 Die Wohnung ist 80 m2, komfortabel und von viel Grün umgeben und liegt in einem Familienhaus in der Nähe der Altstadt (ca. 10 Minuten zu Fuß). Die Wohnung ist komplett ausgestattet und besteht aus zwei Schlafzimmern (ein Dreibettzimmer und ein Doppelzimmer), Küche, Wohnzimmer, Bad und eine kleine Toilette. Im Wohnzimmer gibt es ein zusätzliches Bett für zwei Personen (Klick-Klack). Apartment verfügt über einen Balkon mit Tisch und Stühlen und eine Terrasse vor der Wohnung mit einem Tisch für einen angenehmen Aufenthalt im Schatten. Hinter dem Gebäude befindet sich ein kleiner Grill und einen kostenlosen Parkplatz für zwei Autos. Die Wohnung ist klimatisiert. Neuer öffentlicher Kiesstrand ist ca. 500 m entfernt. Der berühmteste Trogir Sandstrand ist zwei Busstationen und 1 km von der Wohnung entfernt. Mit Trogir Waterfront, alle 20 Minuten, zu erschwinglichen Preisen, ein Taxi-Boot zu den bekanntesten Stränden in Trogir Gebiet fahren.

---

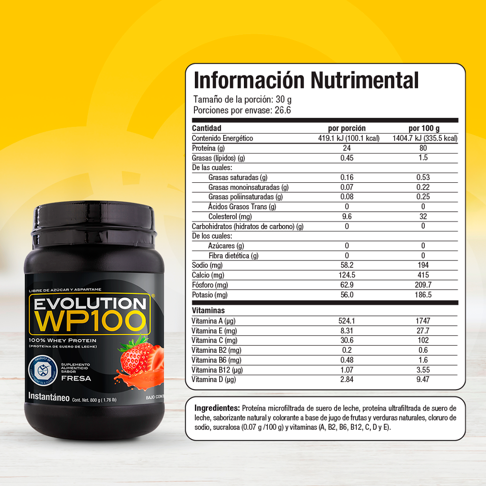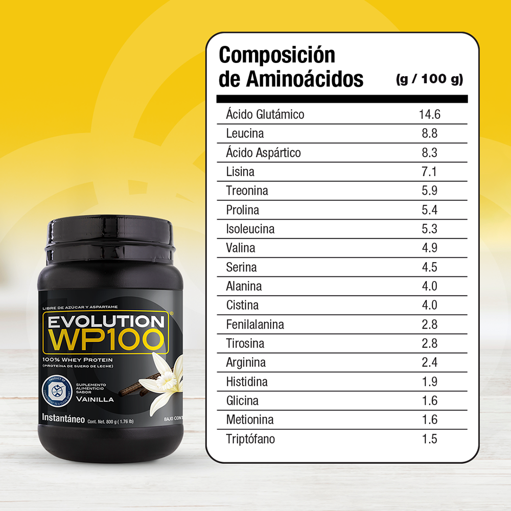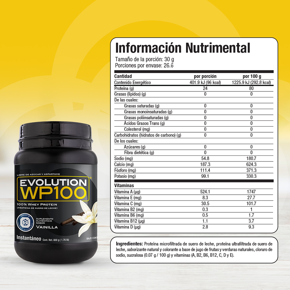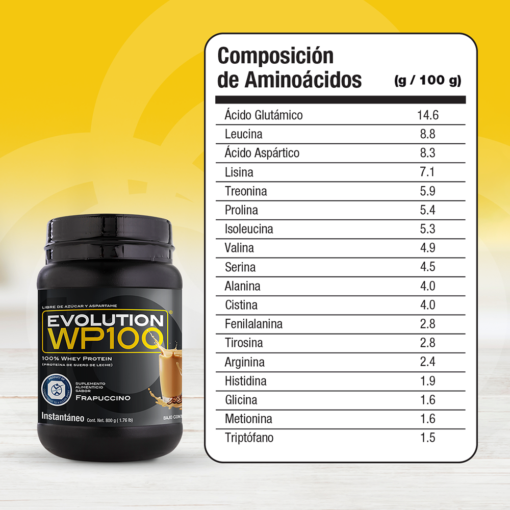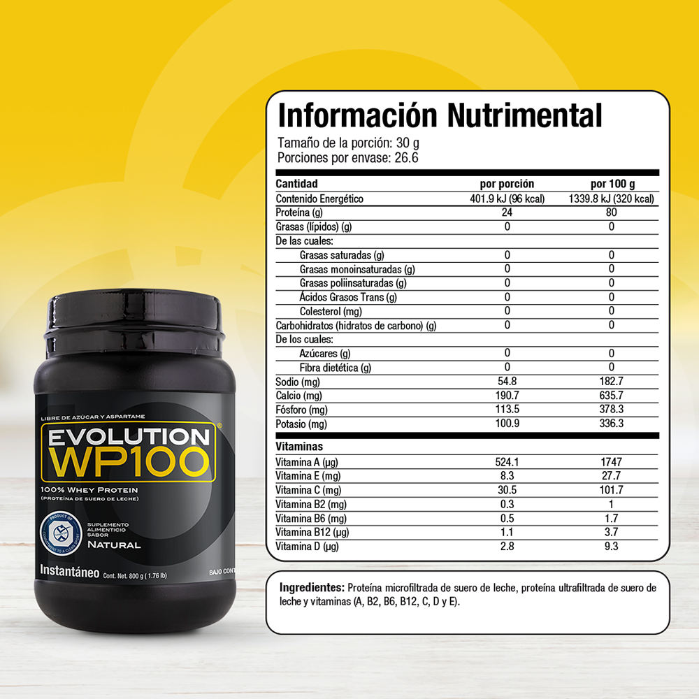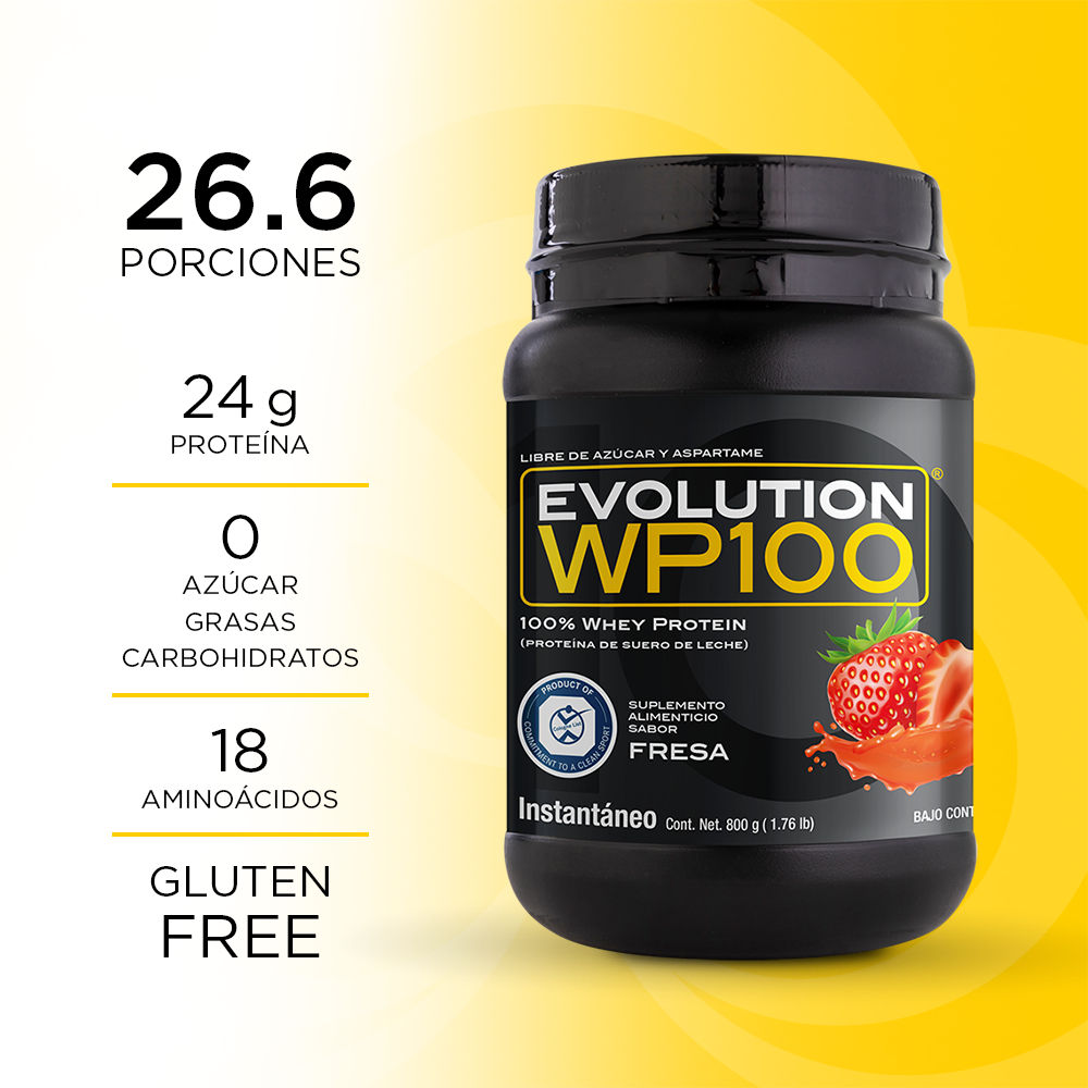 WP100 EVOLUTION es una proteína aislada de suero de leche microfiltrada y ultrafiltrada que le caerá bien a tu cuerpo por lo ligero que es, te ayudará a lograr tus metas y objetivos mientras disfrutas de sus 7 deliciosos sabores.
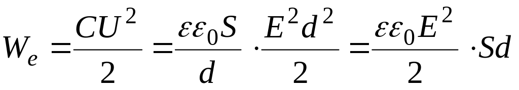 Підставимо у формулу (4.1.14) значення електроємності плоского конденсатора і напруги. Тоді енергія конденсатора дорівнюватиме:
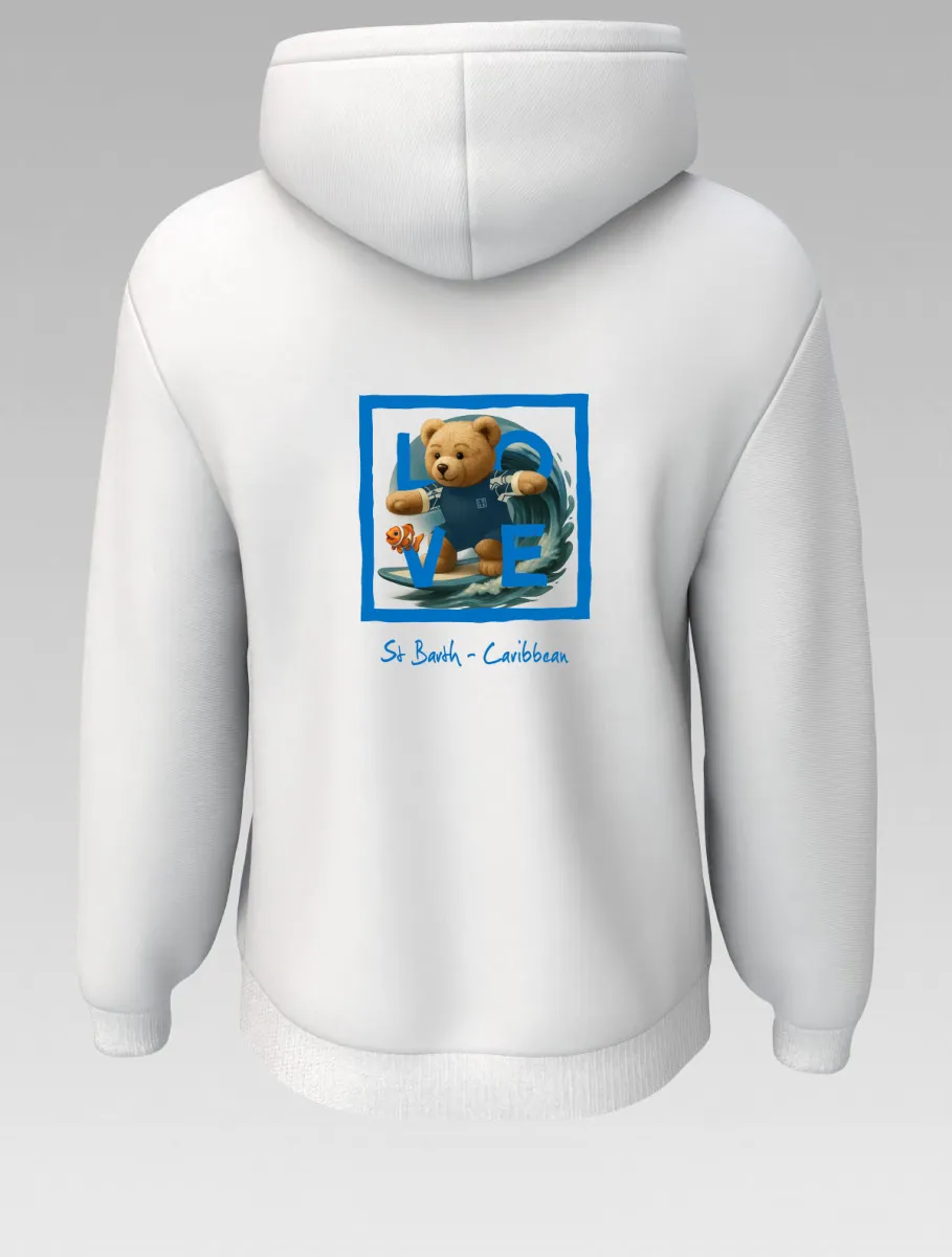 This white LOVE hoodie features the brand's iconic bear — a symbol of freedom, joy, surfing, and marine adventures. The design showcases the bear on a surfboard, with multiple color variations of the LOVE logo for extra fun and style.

*Assigned task*: Nothing but the lines above from the one that has "Підставимо у формулу" down to the one that has "This white LOVE" belongs in the answer, copied exactly, without pictures.

*The answer*:
 Підставимо у формулу (4.1.14) значення електроємності плоского конденсатора і напруги. Тоді енергія конденсатора дорівнюватиме:
 This white LOVE hoodie features the brand's iconic bear — a symbol of freedom, joy, surfing, and marine adventures. The design showcases the bear on a surfboard, with multiple color variations of the LOVE logo for extra fun and style.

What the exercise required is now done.